Starting at the line that contains "Análogamente el triángulo", write out every line through the end of the records exactly as it stands, and leave out all pictures.

[DATA RECORDS]

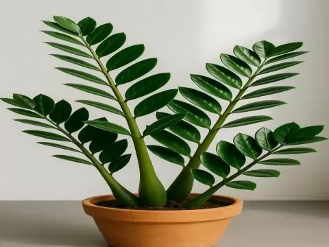 - Замиокулькас: Растение, устойчивое к засухе и недостатку света. Его листья сохраняют воду, что обеспечивает жизнеспособность даже при минимальном освещении.
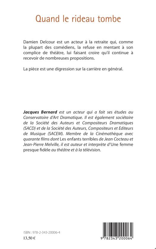 Damien Delcour est un acteur à la retraite qui, comme la plupart des comédiens, la refuse en mentant à son complice de théâtre, lui faisant croire qu’il continue à recevoir de nombreuses propositions.
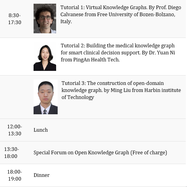此外还将在 25 日举办 OpenKG 特别论坛(免费开放),邀请来自中日韩欧等多个国家和地区的知名专家就知识图谱发展前沿展开讨论,欢迎大家参加!Program OverviewTutorials and OpenKG Special Forum2019/11/25
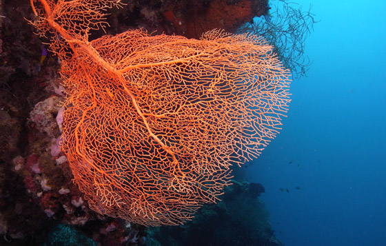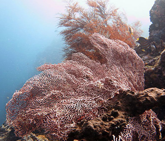 峭壁上长满了海绵和漂亮的柳珊瑚海扇。潜导会帮你找常在这里出没的豆丁海马。在峭壁尽头25米深的地方,有一个巨大的紫色海扇。
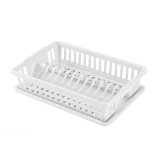Plastový odkvapkávač na riad, ponúka priestor na odkvapkanie 10 tanierov. Kompaktný design, jednoduché skladovanie.
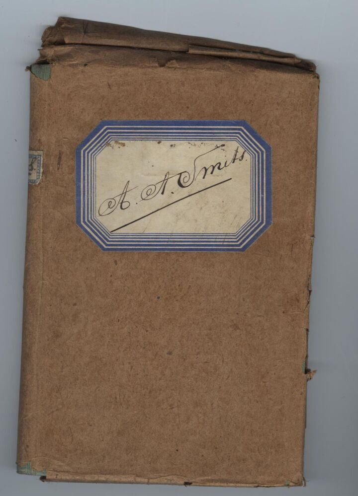 Boek, voorzien van extra bruine kaft, getiteld: 'Le Tour Du Monde en Quatre-Vingts jours' door Jules Verne. Vertaald in Nederlands: 'Reis om de wereld in tachtig dagen'. Bruine voorkaft voorzien van etiket met opschrift: 'A.A. Smits'. Boek heeft zelf een groene kaft.
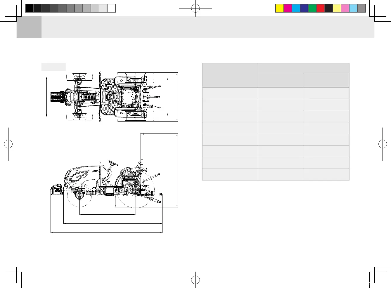 Overall length excluding weight and folded ROPS
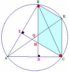 Análogamente el triángulo ACK es rectángulo : AK es diámetro de la circunferencia que coincide con la hipotenusa del triángulo en cuestión , luego m Ð ACK = 90° .
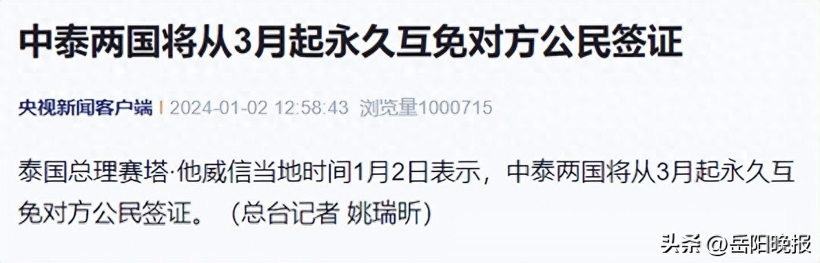 据央视新闻消息,泰国总理赛塔·他威信当地时间1月2日表示,中泰两国将从3月起永久互免对方公民签证。
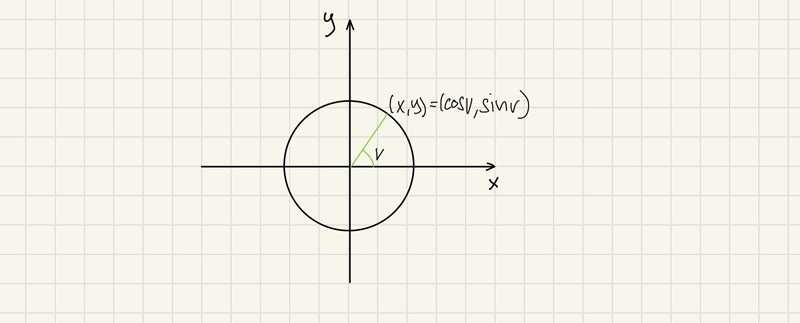 På enhetscirkeln gäller att x = cosv och y = sinv.

[/DATA RECORDS]

ANSWER SECTION –
 Análogamente el triángulo ACK es rectángulo : AK es diámetro de la circunferencia que coincide con la hipotenusa del triángulo en cuestión , luego m Ð ACK = 90° .
 据央视新闻消息,泰国总理赛塔·他威信当地时间1月2日表示,中泰两国将从3月起永久互免对方公民签证。
 På enhetscirkeln gäller att x = cosv och y = sinv.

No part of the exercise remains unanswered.